I've made the mistake of trying to update my course notes on multicollinearity and find that I'm bogged down when it comes to eigenvalues and condition indices. Specifically, I've been comparing the results produced by SPSS's -collin- parameter on its -regression- command and the results produced by -collin- in Stata (which is an add-on module; type -findit collin-). What I am finding is that

* If I first center the variables in SPSS (i.e. subtract the mean from each variable) both Stata and SPSS produce identical results.

* If I don't center, SPSS gives me very different results. (Stata doesn't change whether I center or not.)

* If I am reading the ado file right, Stata -collin- computes eigenvalues, etc. from the correlation matrix of the X's. Spss, on the other hand, presents "the eigenvalues of the scaled and uncentered cross-products matrix."

* In SPSS's favor, it computes the same condition number as William Greene does in his analysis of the Longley data (Econometric Analysis, 4th Edition, p. 258).

* But in Stata collin's favor, it just seems terribly counter-intuitive to me that adding or subtracting a constant from a variable is going to change my conclusions about multicollinearity.
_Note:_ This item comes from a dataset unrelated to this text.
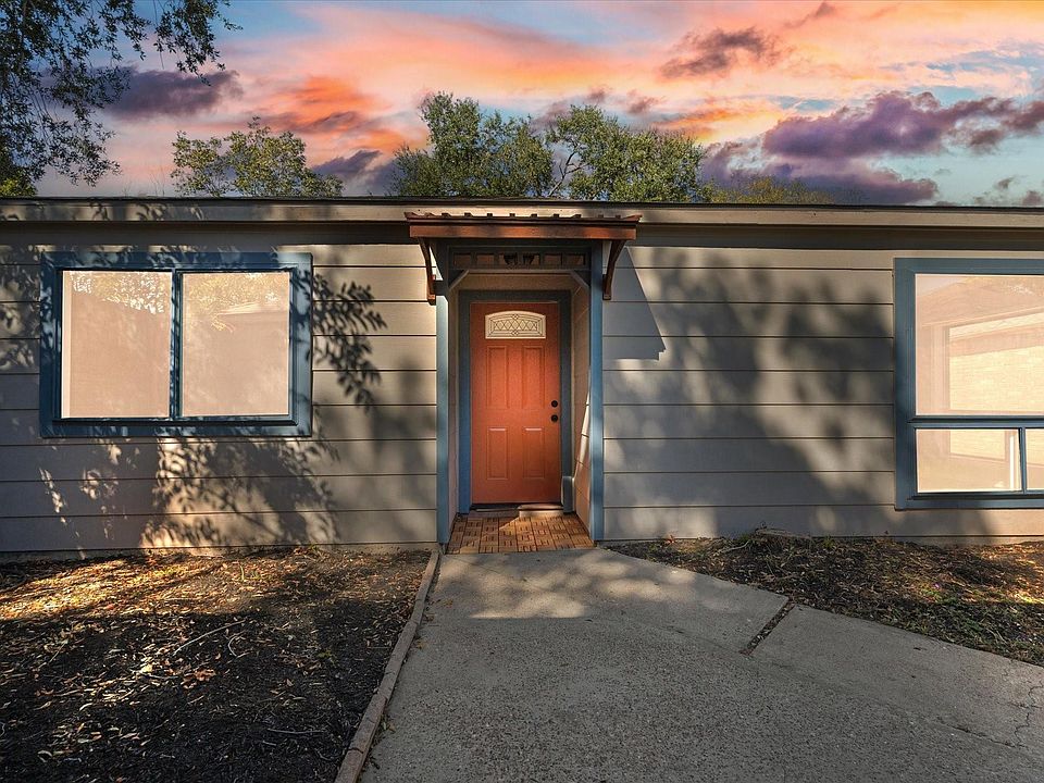 Step into an enchanted oasis behind gated courtyard with brick walls, a private patio and deck. Large windows with tons of natural light streaming in. Home's recent renovations include foundation correction, a full roof replacement with class 3 shingles, new flooring, updated itching including oven/stove, microwave, ceiling fans, hardware, knobs, interior paint, AC unit is 3 years old and PEX plumbing throughout. The primary bedroom has a jetted tub and large walk in closet. Just 1 minute from the neighborhood amenities which include a pool, sprawling fields, and playground. Living Room has a beautiful fireplace and floorpan is very private and functional. The garage has room for storage and automatic garage door opener.
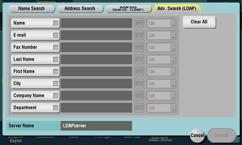 Tap [Addr. Search] - [Search] - [Address Search (LDAP)] or [Adv. Search (LDAP)].

Now, I've read that there are different ways of computing the eigenvalues and condition indices; can anybody offer any insights as to what should generally be preferred or when you should prefer one approach over another? Another text I have says that centered predictor variables are typically used, but that isn't what SPSS is doing and it isn't what Greene seems to be doing if I understand him right. Thanks for any info.